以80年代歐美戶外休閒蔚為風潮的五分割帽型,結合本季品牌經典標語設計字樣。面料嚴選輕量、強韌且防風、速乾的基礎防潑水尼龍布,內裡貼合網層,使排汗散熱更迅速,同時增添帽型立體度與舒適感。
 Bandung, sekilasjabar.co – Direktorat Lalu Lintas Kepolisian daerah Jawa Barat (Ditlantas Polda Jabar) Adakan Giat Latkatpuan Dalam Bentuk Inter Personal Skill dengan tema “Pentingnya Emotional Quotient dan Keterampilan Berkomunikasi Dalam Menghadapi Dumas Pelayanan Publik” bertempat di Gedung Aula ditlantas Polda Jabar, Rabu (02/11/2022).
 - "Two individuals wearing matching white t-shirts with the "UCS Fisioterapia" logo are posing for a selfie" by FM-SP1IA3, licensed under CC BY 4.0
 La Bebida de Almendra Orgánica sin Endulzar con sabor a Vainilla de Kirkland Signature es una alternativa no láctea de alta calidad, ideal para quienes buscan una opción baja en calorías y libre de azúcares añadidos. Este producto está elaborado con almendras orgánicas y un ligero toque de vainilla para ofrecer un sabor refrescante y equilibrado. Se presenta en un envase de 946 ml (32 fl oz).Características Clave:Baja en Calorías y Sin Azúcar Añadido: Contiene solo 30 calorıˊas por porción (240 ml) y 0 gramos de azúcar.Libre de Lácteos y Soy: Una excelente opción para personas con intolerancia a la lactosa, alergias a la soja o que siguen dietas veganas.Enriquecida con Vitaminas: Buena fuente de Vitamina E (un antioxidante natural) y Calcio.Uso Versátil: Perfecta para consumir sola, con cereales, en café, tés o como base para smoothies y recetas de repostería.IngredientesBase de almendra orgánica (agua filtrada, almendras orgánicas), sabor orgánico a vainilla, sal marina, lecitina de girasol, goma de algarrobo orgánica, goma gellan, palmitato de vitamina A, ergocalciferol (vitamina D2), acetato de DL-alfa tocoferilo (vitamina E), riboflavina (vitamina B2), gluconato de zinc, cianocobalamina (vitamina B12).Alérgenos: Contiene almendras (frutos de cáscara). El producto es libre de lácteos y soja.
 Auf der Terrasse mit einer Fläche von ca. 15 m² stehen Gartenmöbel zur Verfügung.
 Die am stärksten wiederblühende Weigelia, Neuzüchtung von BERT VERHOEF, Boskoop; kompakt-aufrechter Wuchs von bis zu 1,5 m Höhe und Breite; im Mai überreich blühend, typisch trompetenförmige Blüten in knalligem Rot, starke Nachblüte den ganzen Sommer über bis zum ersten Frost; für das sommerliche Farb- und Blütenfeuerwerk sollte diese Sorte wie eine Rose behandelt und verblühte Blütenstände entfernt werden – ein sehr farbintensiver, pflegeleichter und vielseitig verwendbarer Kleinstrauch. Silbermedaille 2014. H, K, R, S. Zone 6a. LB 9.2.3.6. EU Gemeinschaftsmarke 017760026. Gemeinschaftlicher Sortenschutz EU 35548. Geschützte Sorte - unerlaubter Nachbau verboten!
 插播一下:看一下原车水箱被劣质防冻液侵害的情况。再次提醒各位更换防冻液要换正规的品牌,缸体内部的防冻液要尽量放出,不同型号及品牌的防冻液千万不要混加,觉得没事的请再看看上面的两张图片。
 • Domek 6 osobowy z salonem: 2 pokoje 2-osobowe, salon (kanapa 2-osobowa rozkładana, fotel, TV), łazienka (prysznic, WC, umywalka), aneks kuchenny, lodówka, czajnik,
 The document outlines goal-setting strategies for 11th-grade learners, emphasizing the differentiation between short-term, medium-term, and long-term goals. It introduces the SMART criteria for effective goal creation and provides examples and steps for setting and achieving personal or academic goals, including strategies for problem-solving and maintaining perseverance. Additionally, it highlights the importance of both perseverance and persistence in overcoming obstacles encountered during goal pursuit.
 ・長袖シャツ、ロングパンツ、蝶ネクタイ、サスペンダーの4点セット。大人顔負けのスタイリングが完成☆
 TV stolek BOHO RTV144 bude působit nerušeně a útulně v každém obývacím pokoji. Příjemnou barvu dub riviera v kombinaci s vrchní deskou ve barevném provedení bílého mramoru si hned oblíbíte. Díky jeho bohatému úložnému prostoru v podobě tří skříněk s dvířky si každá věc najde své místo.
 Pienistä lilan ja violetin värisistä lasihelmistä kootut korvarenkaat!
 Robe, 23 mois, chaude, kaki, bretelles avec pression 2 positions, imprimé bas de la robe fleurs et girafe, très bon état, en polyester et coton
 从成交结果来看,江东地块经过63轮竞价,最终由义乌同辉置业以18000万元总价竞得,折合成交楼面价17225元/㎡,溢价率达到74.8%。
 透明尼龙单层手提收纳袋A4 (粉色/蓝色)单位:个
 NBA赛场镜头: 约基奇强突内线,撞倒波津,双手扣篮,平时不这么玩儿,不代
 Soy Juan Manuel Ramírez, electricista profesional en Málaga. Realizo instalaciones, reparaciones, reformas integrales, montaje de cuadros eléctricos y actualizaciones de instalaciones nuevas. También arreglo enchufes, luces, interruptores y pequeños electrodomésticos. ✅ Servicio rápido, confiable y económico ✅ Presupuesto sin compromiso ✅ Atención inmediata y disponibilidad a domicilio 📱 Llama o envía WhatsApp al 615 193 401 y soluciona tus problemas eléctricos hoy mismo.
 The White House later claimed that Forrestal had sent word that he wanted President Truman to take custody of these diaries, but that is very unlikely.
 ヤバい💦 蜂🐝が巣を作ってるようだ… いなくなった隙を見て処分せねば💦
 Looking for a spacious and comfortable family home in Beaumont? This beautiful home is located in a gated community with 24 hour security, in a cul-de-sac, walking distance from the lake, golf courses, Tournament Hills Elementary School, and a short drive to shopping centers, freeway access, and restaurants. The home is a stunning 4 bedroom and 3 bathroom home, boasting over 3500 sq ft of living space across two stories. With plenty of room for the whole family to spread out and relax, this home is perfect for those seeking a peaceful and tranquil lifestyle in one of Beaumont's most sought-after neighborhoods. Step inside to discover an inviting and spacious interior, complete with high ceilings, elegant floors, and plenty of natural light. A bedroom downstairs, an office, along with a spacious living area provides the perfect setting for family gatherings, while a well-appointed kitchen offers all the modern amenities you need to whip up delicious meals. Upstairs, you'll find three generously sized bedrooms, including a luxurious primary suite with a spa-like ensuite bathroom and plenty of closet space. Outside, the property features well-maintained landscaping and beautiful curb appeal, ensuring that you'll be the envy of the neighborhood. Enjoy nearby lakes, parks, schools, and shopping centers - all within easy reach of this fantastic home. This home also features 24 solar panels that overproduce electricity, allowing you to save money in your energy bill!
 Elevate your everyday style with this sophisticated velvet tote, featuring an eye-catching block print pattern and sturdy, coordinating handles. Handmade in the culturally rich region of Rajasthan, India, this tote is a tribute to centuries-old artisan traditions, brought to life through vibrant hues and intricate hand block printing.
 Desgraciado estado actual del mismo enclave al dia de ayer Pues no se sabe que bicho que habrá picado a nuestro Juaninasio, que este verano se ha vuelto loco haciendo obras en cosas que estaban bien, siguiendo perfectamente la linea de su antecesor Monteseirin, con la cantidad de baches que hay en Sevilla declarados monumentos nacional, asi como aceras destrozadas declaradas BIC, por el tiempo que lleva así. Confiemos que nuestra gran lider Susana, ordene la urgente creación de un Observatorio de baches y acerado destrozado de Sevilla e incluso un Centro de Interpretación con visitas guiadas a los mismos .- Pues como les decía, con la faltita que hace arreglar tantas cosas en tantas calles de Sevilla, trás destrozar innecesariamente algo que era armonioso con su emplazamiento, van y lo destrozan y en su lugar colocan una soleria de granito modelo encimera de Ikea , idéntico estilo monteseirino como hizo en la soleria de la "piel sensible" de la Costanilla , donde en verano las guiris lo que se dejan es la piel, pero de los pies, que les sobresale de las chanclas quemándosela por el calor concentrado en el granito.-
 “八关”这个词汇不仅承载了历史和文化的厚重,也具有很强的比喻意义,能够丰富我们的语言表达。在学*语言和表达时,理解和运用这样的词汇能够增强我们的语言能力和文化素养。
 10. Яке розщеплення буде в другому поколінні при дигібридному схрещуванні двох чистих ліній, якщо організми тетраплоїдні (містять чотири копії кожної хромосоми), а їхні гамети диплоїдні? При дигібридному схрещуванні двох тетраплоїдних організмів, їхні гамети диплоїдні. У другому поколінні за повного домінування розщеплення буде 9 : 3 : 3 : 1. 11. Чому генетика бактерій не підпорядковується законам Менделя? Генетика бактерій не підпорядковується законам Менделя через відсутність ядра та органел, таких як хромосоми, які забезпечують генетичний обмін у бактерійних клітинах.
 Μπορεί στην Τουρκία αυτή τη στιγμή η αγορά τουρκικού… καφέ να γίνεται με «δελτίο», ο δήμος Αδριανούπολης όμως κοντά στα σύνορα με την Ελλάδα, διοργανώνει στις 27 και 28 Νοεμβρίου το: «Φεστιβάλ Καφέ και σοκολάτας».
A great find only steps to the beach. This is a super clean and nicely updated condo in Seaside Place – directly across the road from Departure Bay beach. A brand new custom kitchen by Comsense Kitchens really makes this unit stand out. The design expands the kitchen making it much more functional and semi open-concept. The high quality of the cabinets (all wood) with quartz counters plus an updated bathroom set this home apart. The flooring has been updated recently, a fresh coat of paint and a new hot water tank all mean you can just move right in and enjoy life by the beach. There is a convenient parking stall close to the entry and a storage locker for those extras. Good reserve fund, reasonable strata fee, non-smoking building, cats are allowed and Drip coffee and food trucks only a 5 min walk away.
________________________________________
Work item: Copy exactly the line containing "10. Яке розщеплення" and every line after it, ending with the last line of the records above.

Answer for this exercise:
 10. Яке розщеплення буде в другому поколінні при дигібридному схрещуванні двох чистих ліній, якщо організми тетраплоїдні (містять чотири копії кожної хромосоми), а їхні гамети диплоїдні? При дигібридному схрещуванні двох тетраплоїдних організмів, їхні гамети диплоїдні. У другому поколінні за повного домінування розщеплення буде 9 : 3 : 3 : 1. 11. Чому генетика бактерій не підпорядковується законам Менделя? Генетика бактерій не підпорядковується законам Менделя через відсутність ядра та органел, таких як хромосоми, які забезпечують генетичний обмін у бактерійних клітинах.
 Μπορεί στην Τουρκία αυτή τη στιγμή η αγορά τουρκικού… καφέ να γίνεται με «δελτίο», ο δήμος Αδριανούπολης όμως κοντά στα σύνορα με την Ελλάδα, διοργανώνει στις 27 και 28 Νοεμβρίου το: «Φεστιβάλ Καφέ και σοκολάτας».
A great find only steps to the beach. This is a super clean and nicely updated condo in Seaside Place – directly across the road from Departure Bay beach. A brand new custom kitchen by Comsense Kitchens really makes this unit stand out. The design expands the kitchen making it much more functional and semi open-concept. The high quality of the cabinets (all wood) with quartz counters plus an updated bathroom set this home apart. The flooring has been updated recently, a fresh coat of paint and a new hot water tank all mean you can just move right in and enjoy life by the beach. There is a convenient parking stall close to the entry and a storage locker for those extras. Good reserve fund, reasonable strata fee, non-smoking building, cats are allowed and Drip coffee and food trucks only a 5 min walk away.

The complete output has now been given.